→ **ASSIGNMENT**
From the data below, copy exactly the lines that lie between the one holding "Refrigerator/Freezer Toggle Switch" and the one holding "PS2X160-18-11 Right Bowl", including both, and nothing more.

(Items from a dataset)

● ● ●

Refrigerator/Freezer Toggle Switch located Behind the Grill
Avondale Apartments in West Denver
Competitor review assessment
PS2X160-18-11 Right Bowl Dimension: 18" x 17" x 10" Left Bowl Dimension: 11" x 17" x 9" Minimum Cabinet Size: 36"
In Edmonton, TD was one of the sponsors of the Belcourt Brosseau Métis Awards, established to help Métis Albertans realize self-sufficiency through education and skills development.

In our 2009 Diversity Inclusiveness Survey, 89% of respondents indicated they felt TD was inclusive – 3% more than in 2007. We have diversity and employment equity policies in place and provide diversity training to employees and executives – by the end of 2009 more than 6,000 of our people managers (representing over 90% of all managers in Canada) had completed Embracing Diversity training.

● ● ●

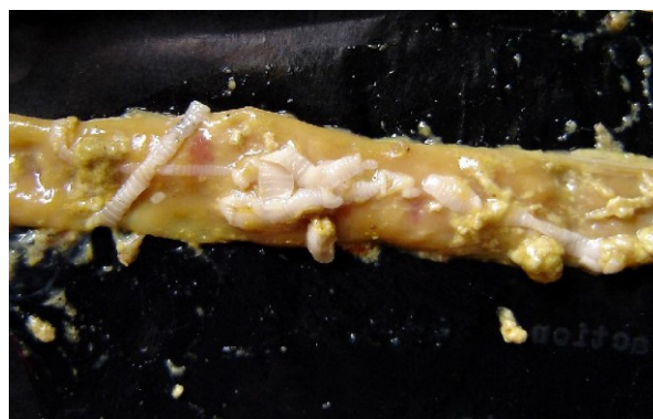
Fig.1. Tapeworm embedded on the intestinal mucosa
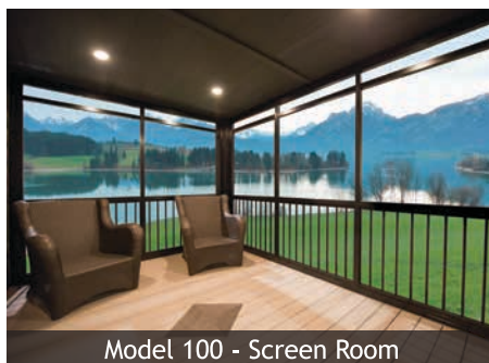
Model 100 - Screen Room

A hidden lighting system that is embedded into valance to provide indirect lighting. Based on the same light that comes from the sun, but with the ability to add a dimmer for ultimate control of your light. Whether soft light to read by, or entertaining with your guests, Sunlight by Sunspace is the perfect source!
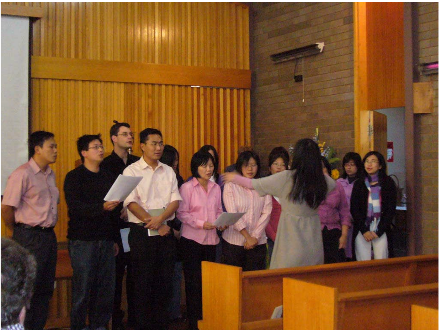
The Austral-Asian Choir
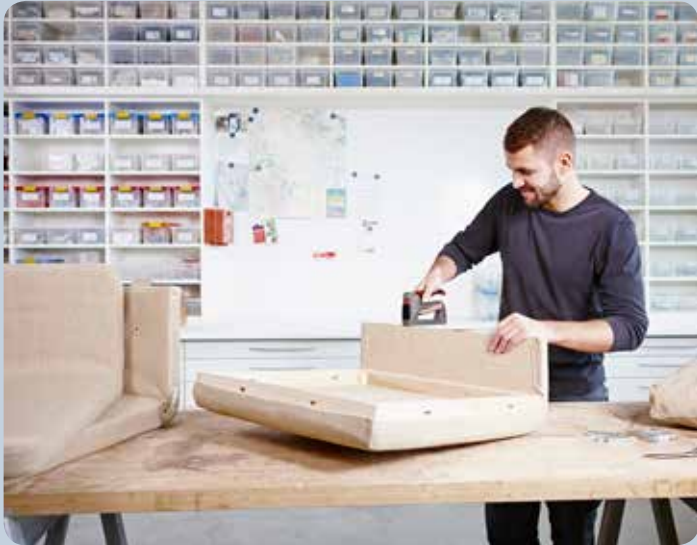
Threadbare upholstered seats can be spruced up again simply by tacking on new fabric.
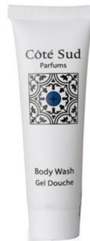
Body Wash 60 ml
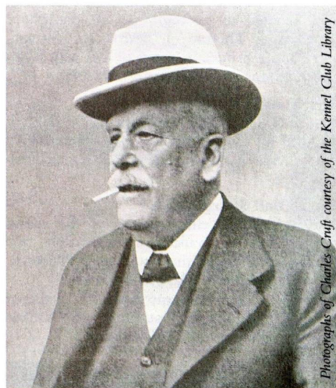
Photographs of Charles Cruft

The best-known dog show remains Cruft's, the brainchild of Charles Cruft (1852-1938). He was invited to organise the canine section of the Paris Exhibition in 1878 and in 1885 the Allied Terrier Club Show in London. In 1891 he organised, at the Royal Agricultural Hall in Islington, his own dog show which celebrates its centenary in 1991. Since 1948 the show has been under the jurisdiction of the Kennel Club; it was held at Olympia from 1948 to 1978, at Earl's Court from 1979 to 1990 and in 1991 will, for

● ● ●

→ **SOLUTION TO THIS TASK**
Refrigerator/Freezer Toggle Switch located Behind the Grill
Avondale Apartments in West Denver
Competitor review assessment
PS2X160-18-11 Right Bowl Dimension: 18" x 17" x 10" Left Bowl Dimension: 11" x 17" x 9" Minimum Cabinet Size: 36"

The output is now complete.